Perhaps the most important discovery was that there was no Garden of Eden; the Eldorado of the spirit turned out to be both desert and jungle. Humans were not provided for at the beginning, and their current state is not a result of their sin, but of nature’s miserliness. Humans are their own. God neither looks after them nor punishes them. Nature’s indifferences to justice is a terrible bereavement for humans. One must care for oneself without the hope that good humans have always had: that there is a price to be paid for crime, that the wicked will suffer. However, it is also a great liberation—from God’s tutelage, from the claims of kings, nobles, and priests, and from guilt or bad conscience. The greatest hopes are dashed, but some of the worst terrors and inner enslavements are dispelled. Unprotectedness, nakedness, unsuccored suffering and that awfulness of death are the prospects that humans without illusions must face. However, looking at things from the point of view of already established society, humans can be proud of themselves. They have progressed, and by their own efforts. One can think well of one’s self. One has progressed and by one’s own efforts. One can think well of oneself. And now, possessing the truth, one can be even freer to be oneself and improve one’s situation. One can freely make governments that, untrammeled by mythical duties and titles to rule serve one’s interests. The explorations of Hobbes, Locke, and Rousseau of the origins made possible a new beginning in theory, a project for the reconstruction of politics, just as the exploration and the discovery of the New World promised a new beginning in practice. The two new beginnings coincided and produced, among others wonders, the United States of America.

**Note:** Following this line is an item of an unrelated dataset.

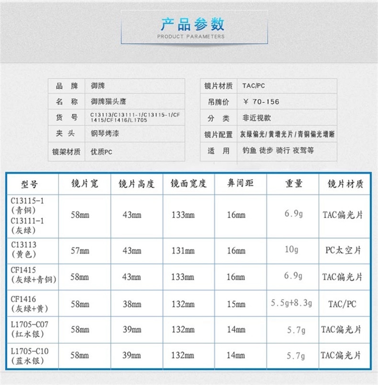 Single-pay clip sheet Bronze Gain (suitable for sunny days) Single-pay laminated sheet grey green (suitable for large sun) Double Pay suit grey green yellow sheet (delivery box) Single pay yellow sheet brightening (suitable for twilight and night fishing) Single pay (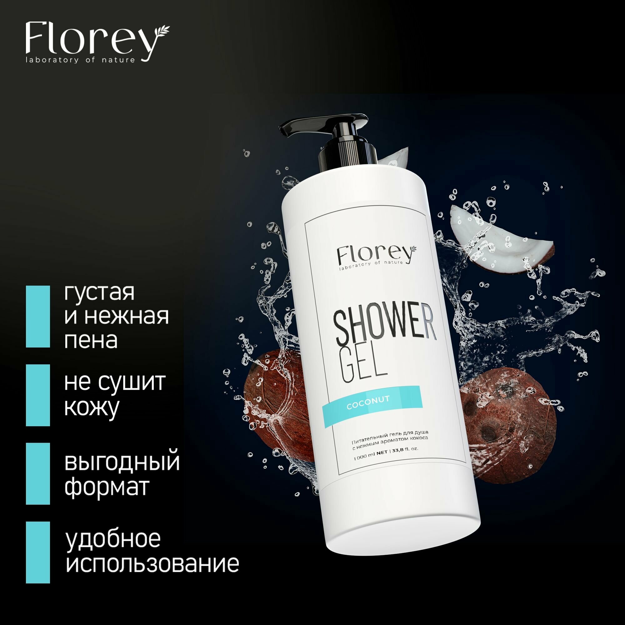 10 цен на Гель для душа Florey с ароматом кокоса, 1 л+1 л

From his reflection on the state of nature, Locke drew the formula of Enlightenment, with its particular combination of natural and political science. Its starting point is the untrammeled use of reason. In this he simply follows the oldest opinions of the philosophers. Freedom for humans consists in ordering one’s life according to what one can see for oneself through one’s most distinctive faculty, liberated from the force of tyrants and the authority of lies, id est, myths. Through unassisted reason, humans are human, as opposed to the human of this place or time, nation or religion, can know the causes of things, can know nature for oneself. Autonomy does not mean, as is now generally thought, the fateful, groundless decision in the void, but governing oneself according to the real. There must be an outside for the inside to have meaning. So thought Locke and his philosophic predecessors and successors. What distinguished Enlightenment from earlier philosophy was its intention to extend to all humans what had been the preserve of only a few: the life lived according to reason. It was not “idealism” or “optimism” that motivated these philosophers but a new science, a “method,” and allied with them, a new political science. If not provided by them with the genius to discover that knowledge, a clear and distinct mathematical science of the movement of bodies, discovered by the use of a simple method readily understood by ordinary men, could make the knowledge of nature accessible to them. The various mythic or poetic views of the whole that set the horizons for the nations of humans, and within which the philosophers had always lived alone and misunderstood, would be dispensed with, and the fundamental difference in perspective between scientists and nonscientist overcome.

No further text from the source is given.